- _The task_: Word for word, retype the lines from the one containing "19일 완주군은 최근" to the one containing "Celebrate queer pride" below, keeping both end lines and dropping the pictures.

START Available records

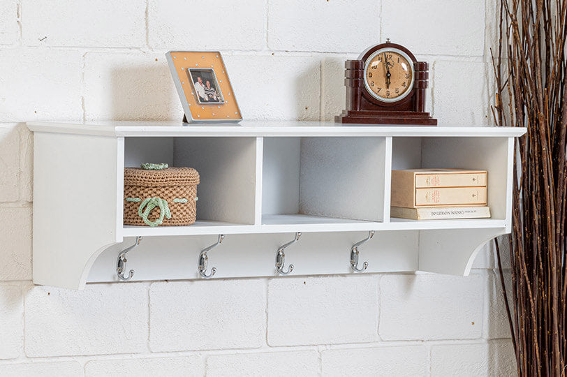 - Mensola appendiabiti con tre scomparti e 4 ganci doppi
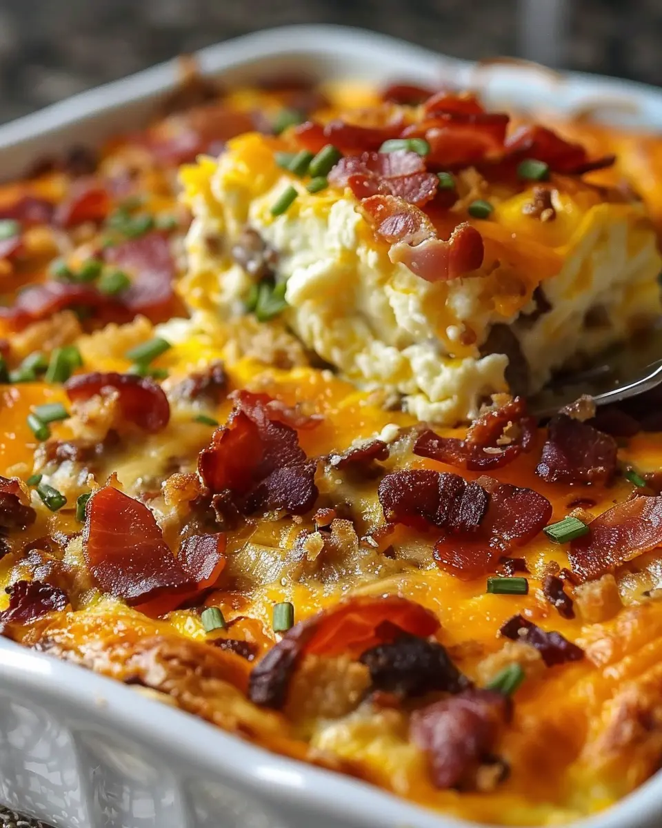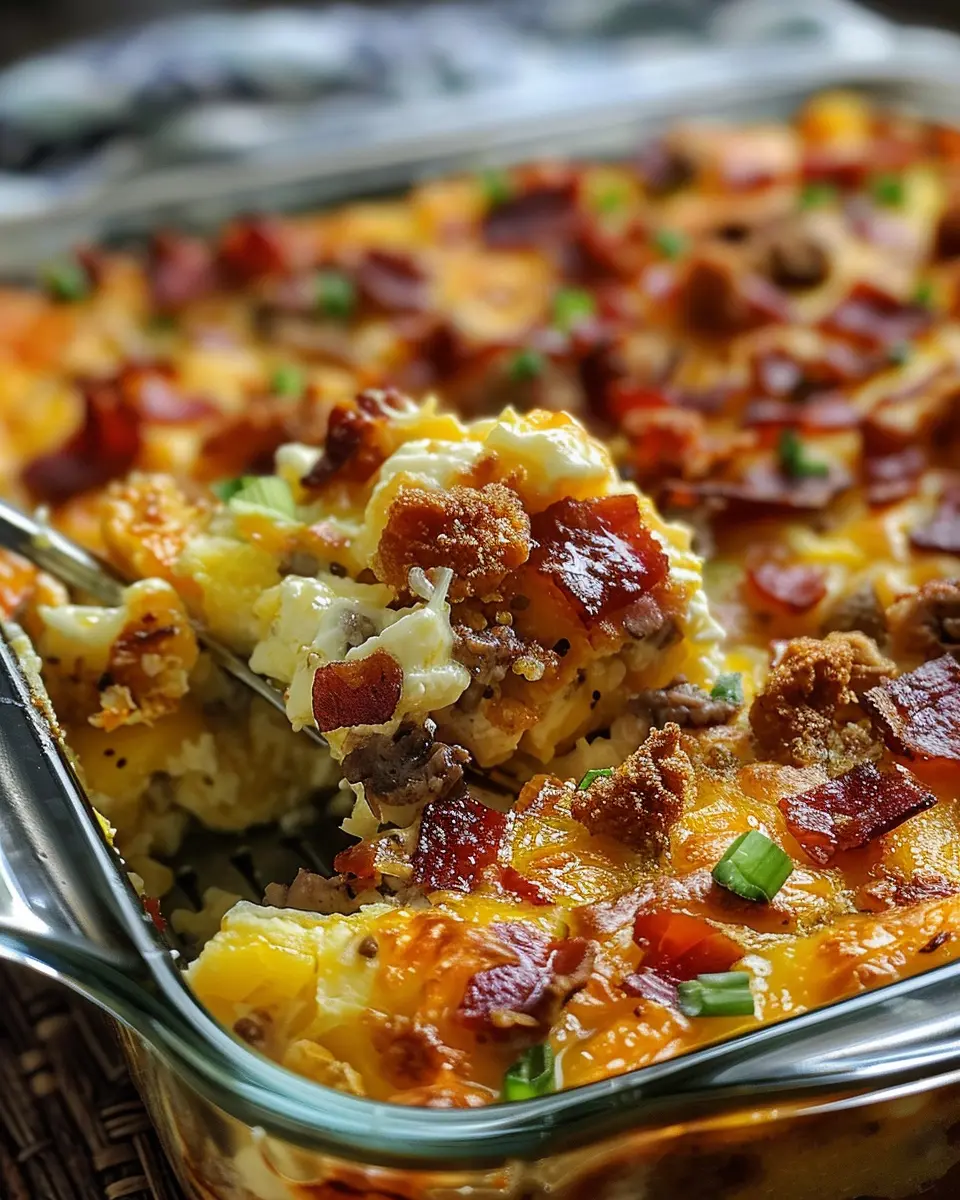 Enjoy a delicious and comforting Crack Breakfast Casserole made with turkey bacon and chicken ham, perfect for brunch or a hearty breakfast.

END Available records
START Available records

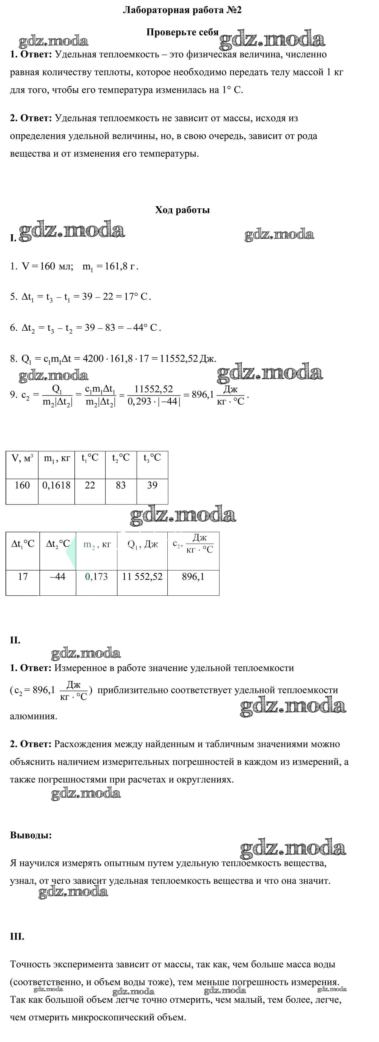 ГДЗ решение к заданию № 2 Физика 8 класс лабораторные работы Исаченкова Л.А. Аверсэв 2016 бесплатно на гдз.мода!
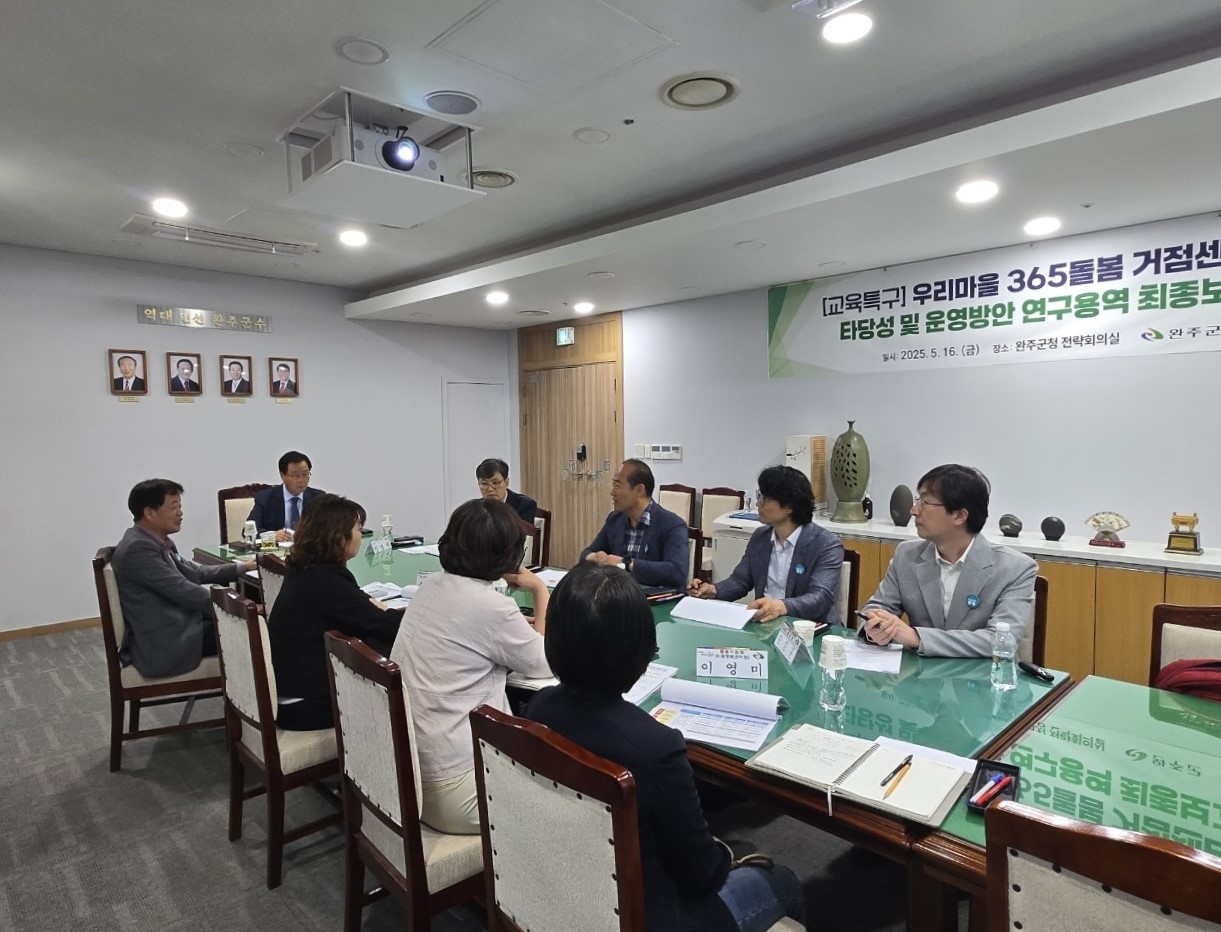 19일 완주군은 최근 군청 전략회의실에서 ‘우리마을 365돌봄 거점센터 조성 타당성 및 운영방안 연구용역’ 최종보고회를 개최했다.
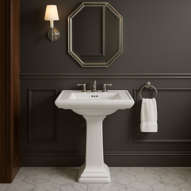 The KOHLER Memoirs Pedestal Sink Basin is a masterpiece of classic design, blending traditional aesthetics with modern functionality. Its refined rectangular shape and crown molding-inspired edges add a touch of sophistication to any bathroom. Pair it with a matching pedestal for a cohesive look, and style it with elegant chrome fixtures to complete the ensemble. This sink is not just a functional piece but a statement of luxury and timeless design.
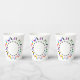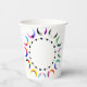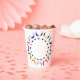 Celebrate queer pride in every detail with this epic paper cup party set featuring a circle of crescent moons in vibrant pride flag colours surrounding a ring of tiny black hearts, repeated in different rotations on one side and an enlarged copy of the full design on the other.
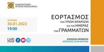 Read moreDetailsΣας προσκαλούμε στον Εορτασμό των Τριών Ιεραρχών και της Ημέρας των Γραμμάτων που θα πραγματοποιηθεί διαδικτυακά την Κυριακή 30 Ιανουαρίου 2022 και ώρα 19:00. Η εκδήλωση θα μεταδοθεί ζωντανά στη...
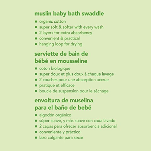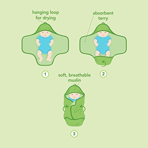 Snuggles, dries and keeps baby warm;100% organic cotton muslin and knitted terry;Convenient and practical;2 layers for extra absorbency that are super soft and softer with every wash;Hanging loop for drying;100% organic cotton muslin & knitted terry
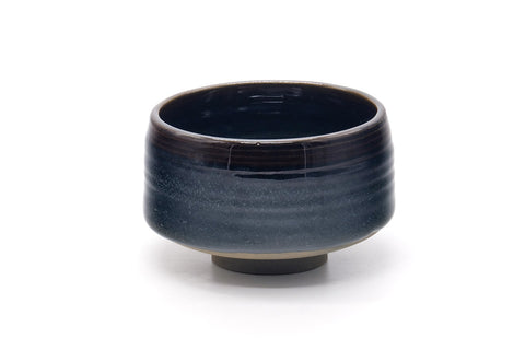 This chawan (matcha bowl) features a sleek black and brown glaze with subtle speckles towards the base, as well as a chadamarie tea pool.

END Available records

- _Response area_:
 19일 완주군은 최근 군청 전략회의실에서 ‘우리마을 365돌봄 거점센터 조성 타당성 및 운영방안 연구용역’ 최종보고회를 개최했다.
 The KOHLER Memoirs Pedestal Sink Basin is a masterpiece of classic design, blending traditional aesthetics with modern functionality. Its refined rectangular shape and crown molding-inspired edges add a touch of sophistication to any bathroom. Pair it with a matching pedestal for a cohesive look, and style it with elegant chrome fixtures to complete the ensemble. This sink is not just a functional piece but a statement of luxury and timeless design.
 Celebrate queer pride in every detail with this epic paper cup party set featuring a circle of crescent moons in vibrant pride flag colours surrounding a ring of tiny black hearts, repeated in different rotations on one side and an enlarged copy of the full design on the other.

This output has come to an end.